Each year around this time I try and make it up to Ohio to see the family. This year was our granddaughter's 13th birthday. We couldn't make it up there for her actual birthday, so we went up this past weekend.
Sitting there at the table that morning I realized that I hadn't been to my Father's grave site this year. So I told the wife that I wanted to stop by there before we left for home. As we pulled up into the cemetery, it dawned on me that this Monday was the anniversary of his passing, and that it would be 24 years this year since he went on into the great mystery. since that time he has been joined by my Mother, his brother Charles, and his brother-in-law Charles.
As I thought about what I would tell him (for we always talk, like we used to talk when we went hunting) a flock of Great Northern passed over us and circled back to land near the Veteran's Memorial where he is buried. I stood and listened to them calling to each other and to the wind moving the leaves of the trees at the edge of the cemetery. The rain that had been falling had stopped and the clouds broke a little, showing some of the sky.
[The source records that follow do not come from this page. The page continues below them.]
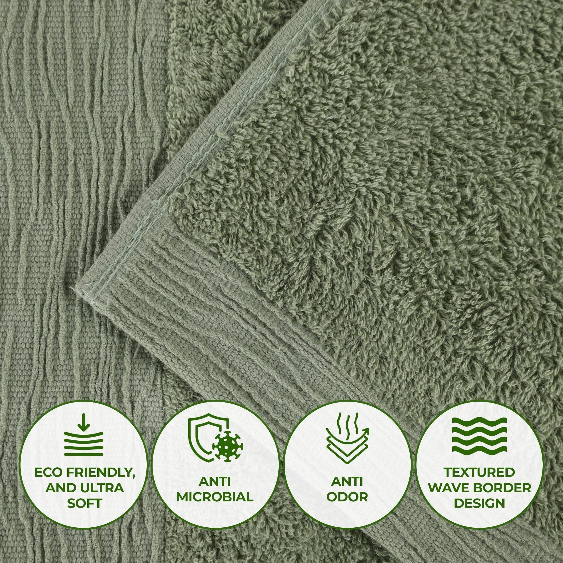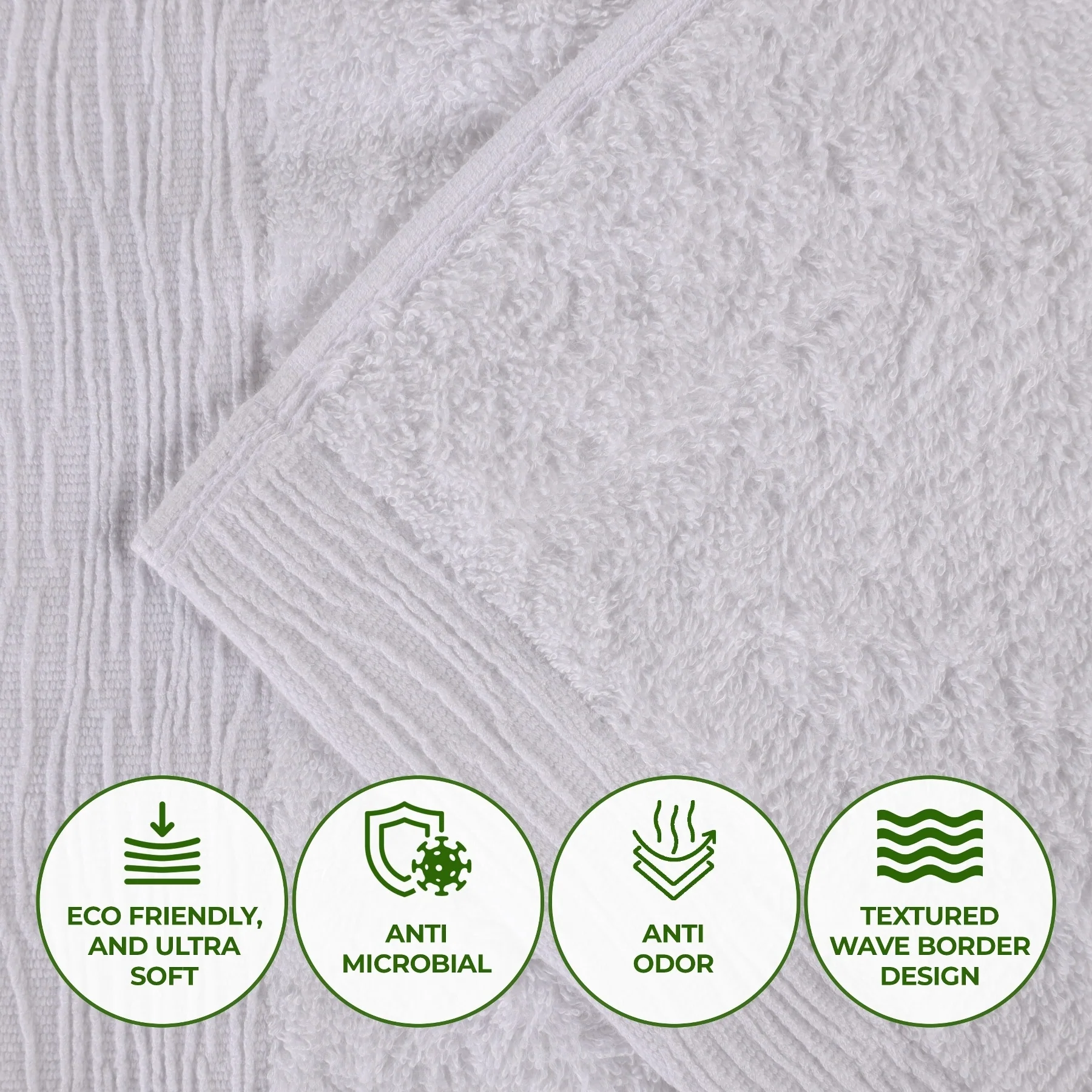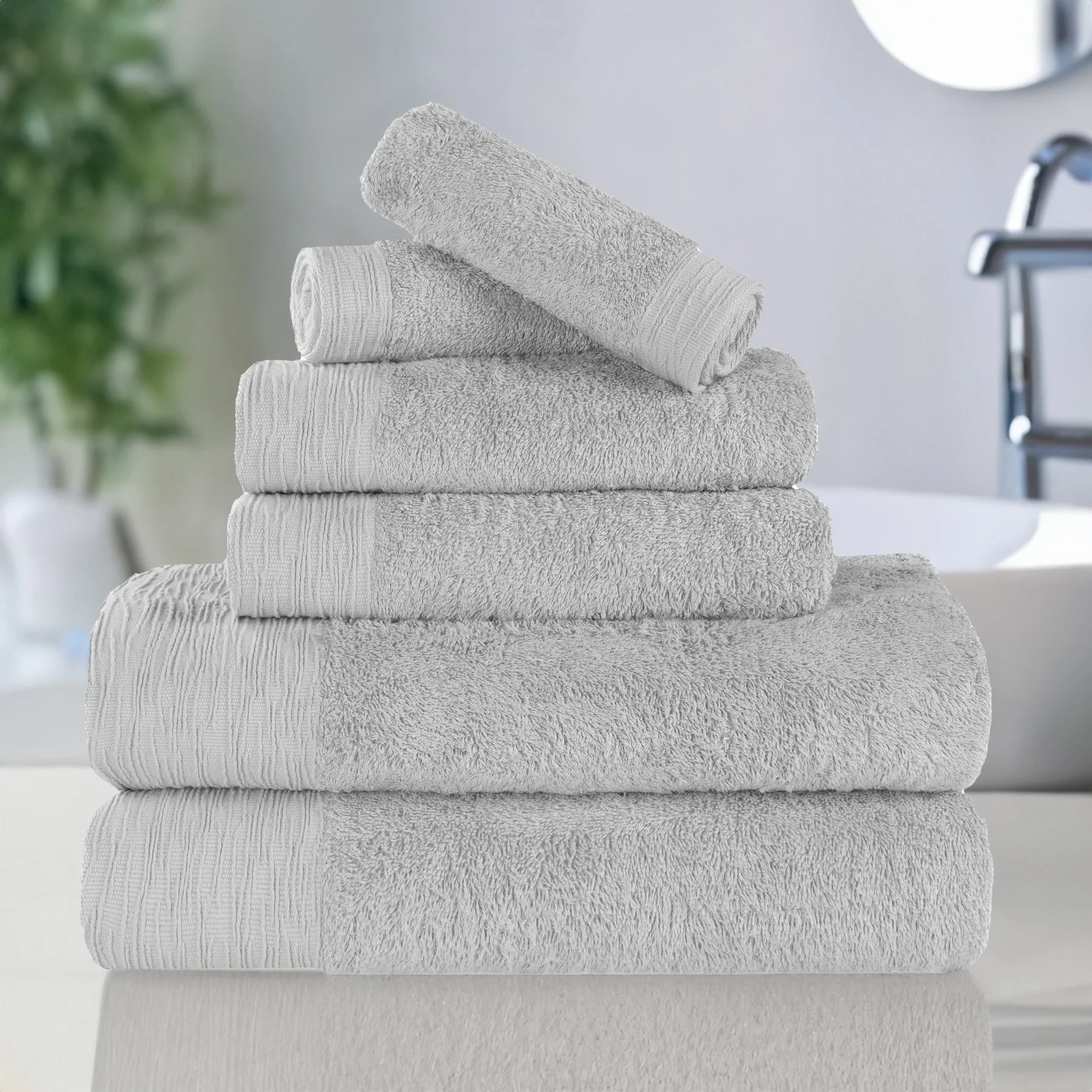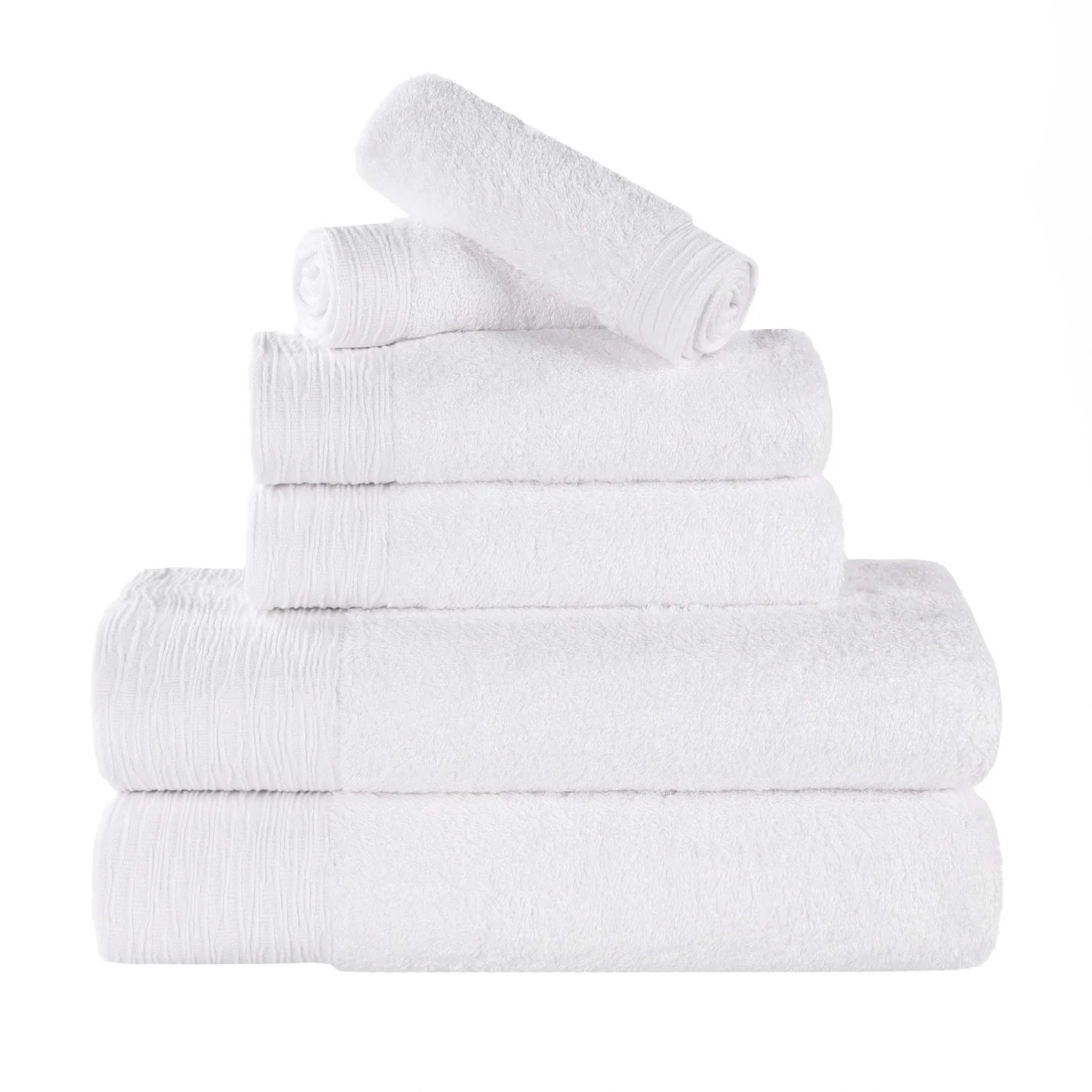 - Set includes: Two (2) Face Towels/ Washcloths, Two (2) Hand Towels, Two (2) Bath Towels
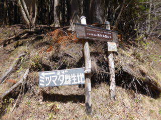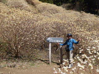ミツマタ群生地手前の駐車スペース(9:45) → (10:15)屋敷山ミツマタ群生地(10:45) → (11:00)駐車スペース
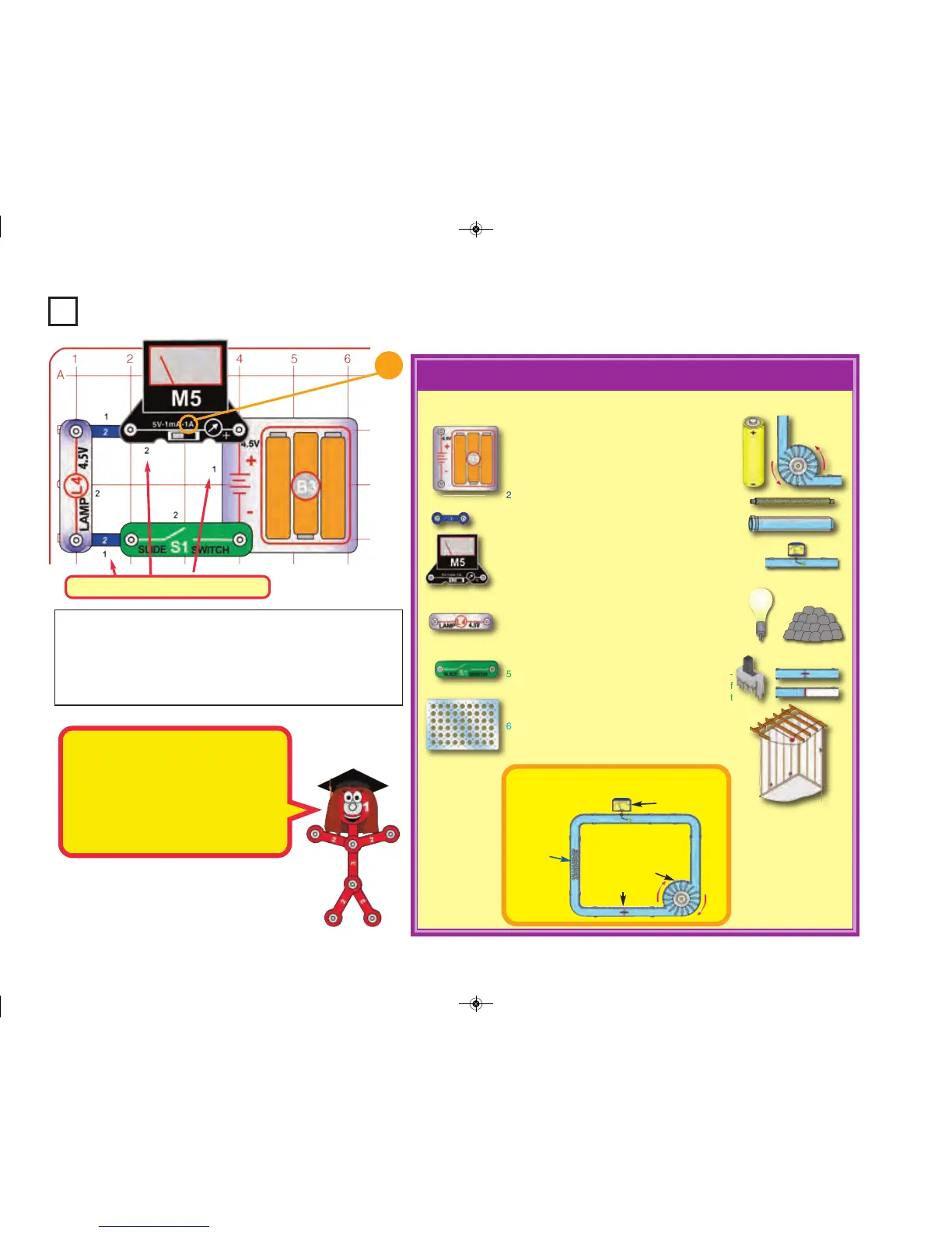 slide switch (S1); the lamp (L4) lights and the meter measures

I went back to the van and opened the bag I had brought with me. Suddenly it dawned on me why I brought what I did; he needed a smudging and prayers. So I prepared the bowl with cedar, sage and sweet grass. The wind died down as I lit the bowl, and blew lightly into it to fan the glowing embers and the smoke began to rise. After smudging and preparing myself, I began to smudge the area where he lay and the gift that I had brought with me, not knowing it was to be a gift to him at the time. The gift was a bar turkey feather. After I was done, I cut five inches of the colored yarn from my own prayer feather and bound it to the feather with the sinew cord I had brought with me interweaving them together. I then placed the feather in the sleeve that holds the vase on his stone.
I could feel his presence strong there beside me, and as I stood up another flock of Northern came over calling and turning to land and rest there with the others.
Even after 24 years, my Father had taught me a lesson again. We are never truly gone. Our spirit always walks with those we have known and loved as well as those that we have fought. For in this life we make our impressions by fighting for those things that we believe in. We fight for our honor, our word, for the respect due us and our kind. A warrior does not turn away from his duty no matter what. If it was meant to be easy, anyone could do it. There would be no need for sacrifice, or for a code to live by. Our word and our honor are one. People know us and remember us by it; what we do and say.
We as human beings can blame any number of things for our failures; but the truth is it is we who are responsible for what we do each day. As we live our life in this world, we build our home in the next. And if we are uncertain as to what we need to do at times, then all we really need to do is look up. Quit staring at the ground and see the answer staring us in the face.
As a human being we do what is right for those around us, and things will be right for us.
Being NDN is a way of life; and it is not always an easy one. Nor is it one where there may be loads of money or fame. But it is one where people will always know you for what you are, and what you represent.